## Source data
=== Section Start ===

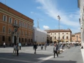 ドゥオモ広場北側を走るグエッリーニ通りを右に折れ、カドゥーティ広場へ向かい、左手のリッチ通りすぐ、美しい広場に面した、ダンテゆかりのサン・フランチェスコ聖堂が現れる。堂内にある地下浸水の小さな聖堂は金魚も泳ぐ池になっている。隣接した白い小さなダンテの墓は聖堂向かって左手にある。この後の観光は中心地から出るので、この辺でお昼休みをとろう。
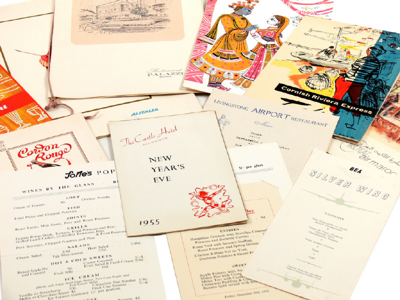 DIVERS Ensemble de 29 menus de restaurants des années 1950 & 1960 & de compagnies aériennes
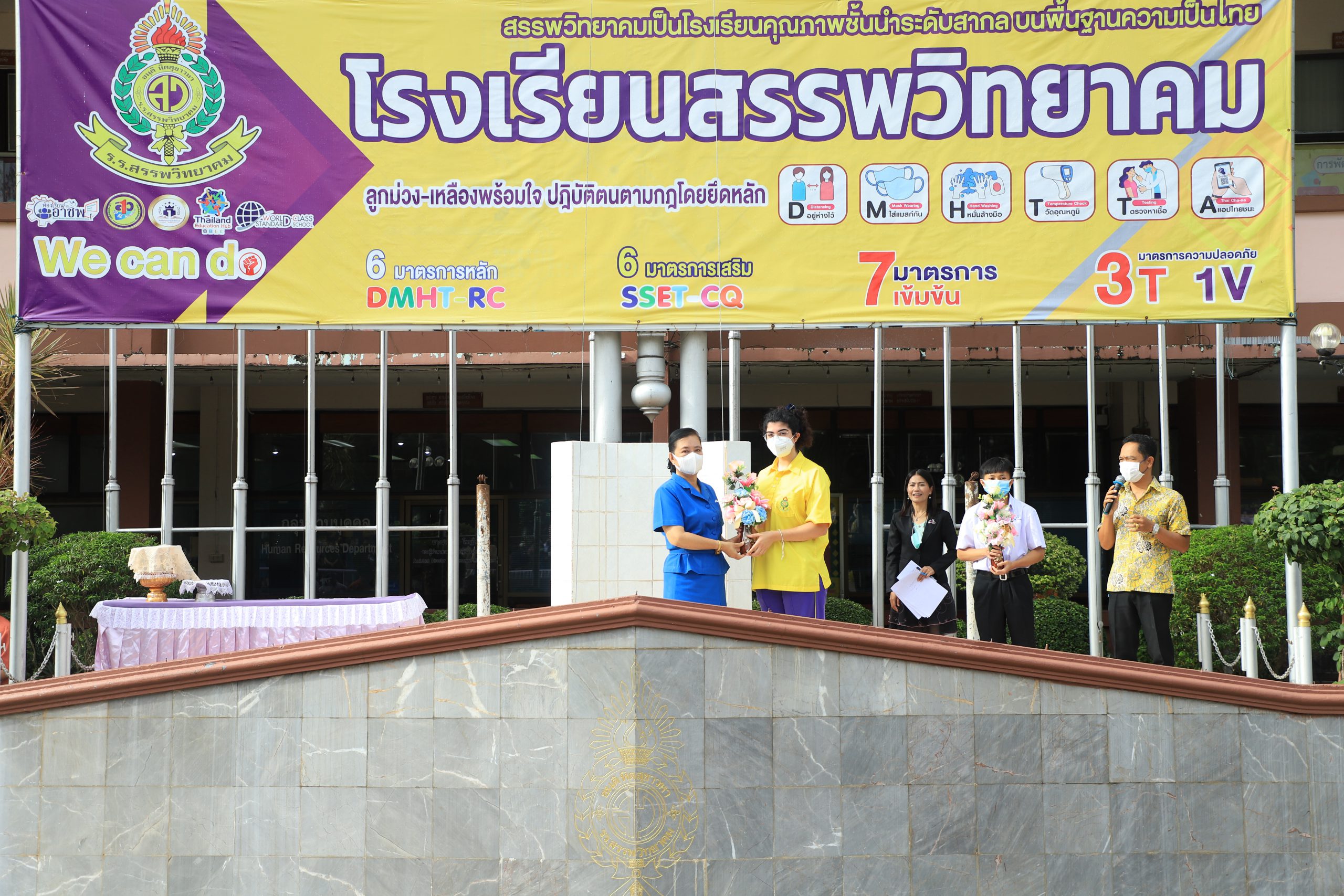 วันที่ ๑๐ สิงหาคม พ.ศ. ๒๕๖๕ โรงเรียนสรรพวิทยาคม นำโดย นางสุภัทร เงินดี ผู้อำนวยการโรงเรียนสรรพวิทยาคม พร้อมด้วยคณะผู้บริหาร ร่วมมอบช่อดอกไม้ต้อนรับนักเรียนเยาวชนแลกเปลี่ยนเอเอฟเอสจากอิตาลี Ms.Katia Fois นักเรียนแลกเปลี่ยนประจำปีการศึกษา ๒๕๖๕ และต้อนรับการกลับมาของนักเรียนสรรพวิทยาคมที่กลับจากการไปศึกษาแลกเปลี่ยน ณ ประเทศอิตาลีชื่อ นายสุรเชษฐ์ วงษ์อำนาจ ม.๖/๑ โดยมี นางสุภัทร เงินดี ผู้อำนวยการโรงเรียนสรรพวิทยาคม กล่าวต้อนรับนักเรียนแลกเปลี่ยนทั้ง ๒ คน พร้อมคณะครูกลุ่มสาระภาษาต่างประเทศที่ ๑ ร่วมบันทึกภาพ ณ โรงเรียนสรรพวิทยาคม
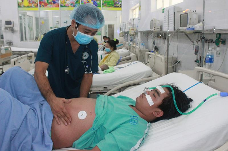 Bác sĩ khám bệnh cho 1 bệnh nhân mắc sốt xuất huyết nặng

=== Section End ===

## Requirement
Starting at the line that contains "วันที่ ๑๐ สิงหาคม", restate each line verbatim through the final line of the listing, skipping all pictures.

## Written solution
 วันที่ ๑๐ สิงหาคม พ.ศ. ๒๕๖๕ โรงเรียนสรรพวิทยาคม นำโดย นางสุภัทร เงินดี ผู้อำนวยการโรงเรียนสรรพวิทยาคม พร้อมด้วยคณะผู้บริหาร ร่วมมอบช่อดอกไม้ต้อนรับนักเรียนเยาวชนแลกเปลี่ยนเอเอฟเอสจากอิตาลี Ms.Katia Fois นักเรียนแลกเปลี่ยนประจำปีการศึกษา ๒๕๖๕ และต้อนรับการกลับมาของนักเรียนสรรพวิทยาคมที่กลับจากการไปศึกษาแลกเปลี่ยน ณ ประเทศอิตาลีชื่อ นายสุรเชษฐ์ วงษ์อำนาจ ม.๖/๑ โดยมี นางสุภัทร เงินดี ผู้อำนวยการโรงเรียนสรรพวิทยาคม กล่าวต้อนรับนักเรียนแลกเปลี่ยนทั้ง ๒ คน พร้อมคณะครูกลุ่มสาระภาษาต่างประเทศที่ ๑ ร่วมบันทึกภาพ ณ โรงเรียนสรรพวิทยาคม
 Bác sĩ khám bệnh cho 1 bệnh nhân mắc sốt xuất huyết nặng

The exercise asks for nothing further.